Now, months later: What does it feel like to be abandoned? What does it feel like to have a leg amputated, no parents, and live in a tent outside an orphanage that you cannot go inside?
I can only imagine. I cannot walk in the shoes of those who lived it.
I also realized that I know nothing about emergency response, foreign aid or medical care. What I do know is that I can be effective in keeping the light on a problem -- a problem that will not be solved for a long, long time.
This is a country full of young children who will be permanently affected by this catastrophe. It is our responsibility to help Haiti solve this problem, as long as it takes to do it. We must not only rebuild the country, its roads, its buildings and its government. We also have to rebuild its children.
It is an emergency to get these children back in schools. It was already an emergency before January 12, when a large percentage of children were not in school. It is an emergency to protect their human rights, it is an emergency to give them health services and prevent diseases that have long-term impact.
We must treat these children like children. They need music and arts and sports. They need trained teachers who can educate and protect them during the school day. They need to have safe places to play. They need access to computer labs, technology and modern education tools.
I decided this is what I would focus on. How could I lead in contributing for immediate needs -- but also for those that linger? A bed to sleep in and a roof over their heads. Schools. Computers. Teachers. Books. Soccer fields. Basketball courts. Parks. That is it.
Our team traveled to Port-Au-Prince and Jacmel over the past few weeks, and we are returning again this month. We have joined in partnership with the United States Foundation for the Children of Haiti. The team met with the most amazing woman, Gladys Thomas, who has been serving the children in her homeland of Haiti since 1981.
Thomas has led the foundation in developing a full spectrum of services for the growing number of children brought into her care. We will support her organization and work to support La Foundation Pour les Enfants d'Haiti, a nonprofit and nongovernmental Haitian organization.

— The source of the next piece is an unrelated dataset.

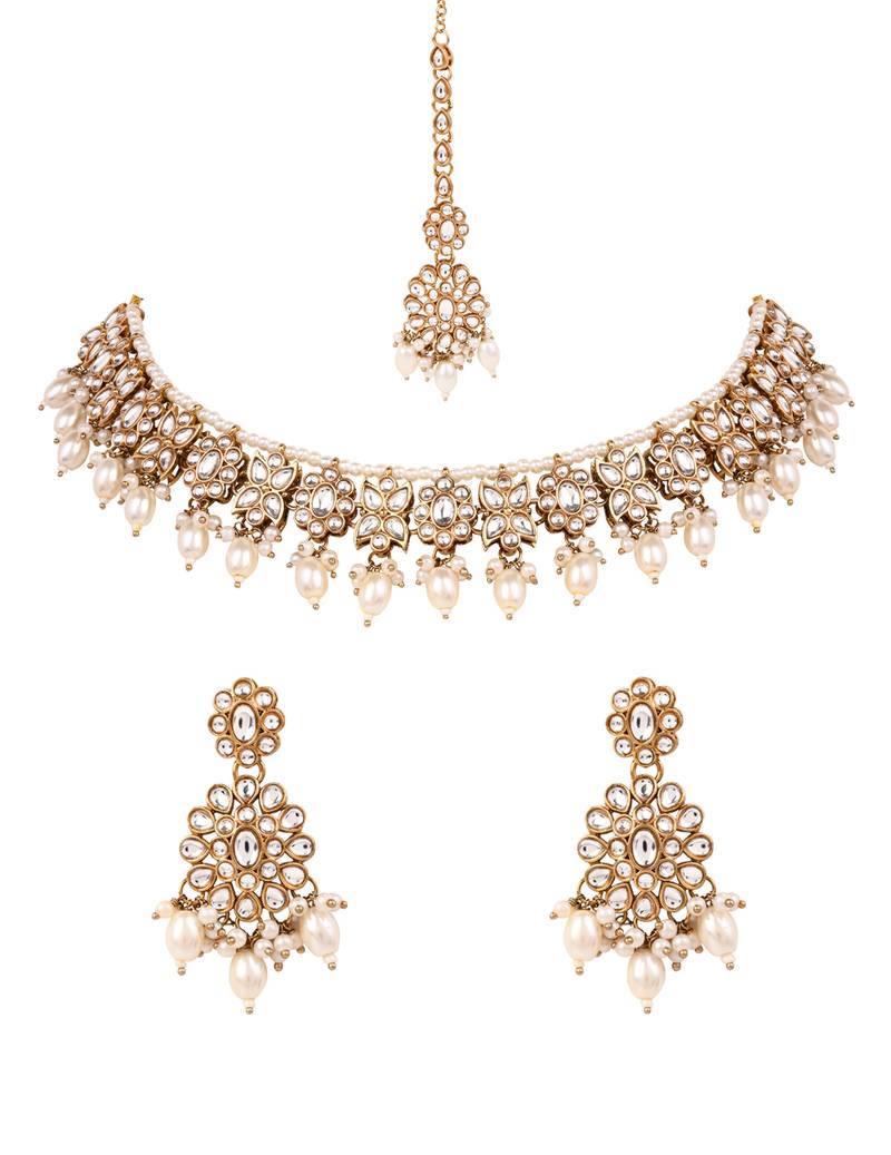 Product Name | Gold Plated Traditional Kundan Pearl Choker Necklace With Earrings & Maang Tikka For Women (K7308w) | |

Our foundation O'Positive, along with Greenhouse International, will support the ongoing need to rebuild the infrastructure and buildings for School of Good Shower, Hope Hospital and Children's Hope Village, which both serve Haitian orphans in her care.

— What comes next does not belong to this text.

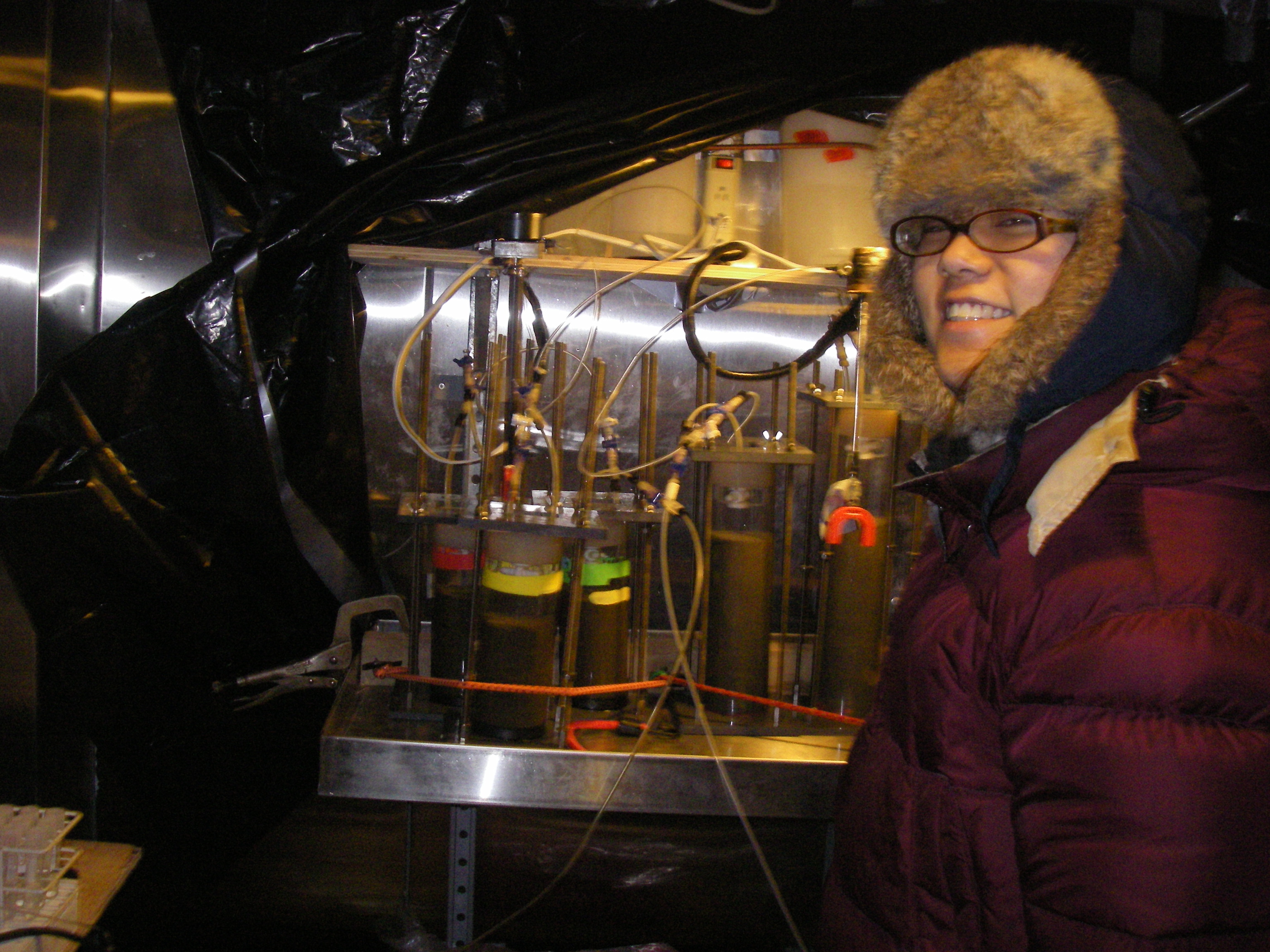 Bonnie Chang poses by her flux cores, as she begins to take measurements of the gases being produced and used by the microorganisms in the sediment. Inside the reefer room (walk-in freezer) on the USCGC Healy icebreaker, on the Bering Sea.

O'Positive and I will also be working on a partnership with Save the Children and Harvard University Innovation Lab in Haiti to help provide infrastructure and quality education, teacher training and supplies the children need to succeed.
So many people have already given so much. But this effort is just beginning. It has been four months since that horrible day. One-third of a year. Thousands of children are sitting in tents each day, with nowhere to go and nothing to do. It is easy to forget about what is no longer on the front page or staring you down on your TV or computer. We get back to our normal lives.
But remember, these children cannot resume their normal lives. We must not forget that in order to rebuild Haiti, we must rebuild its youth. We must not leave them behind. Their lives cannot end at the hands of an earthquake. Let's find the light in the storm, and build a future for the children.
The opinions in this commentary are solely those of Shaquille O'Neal.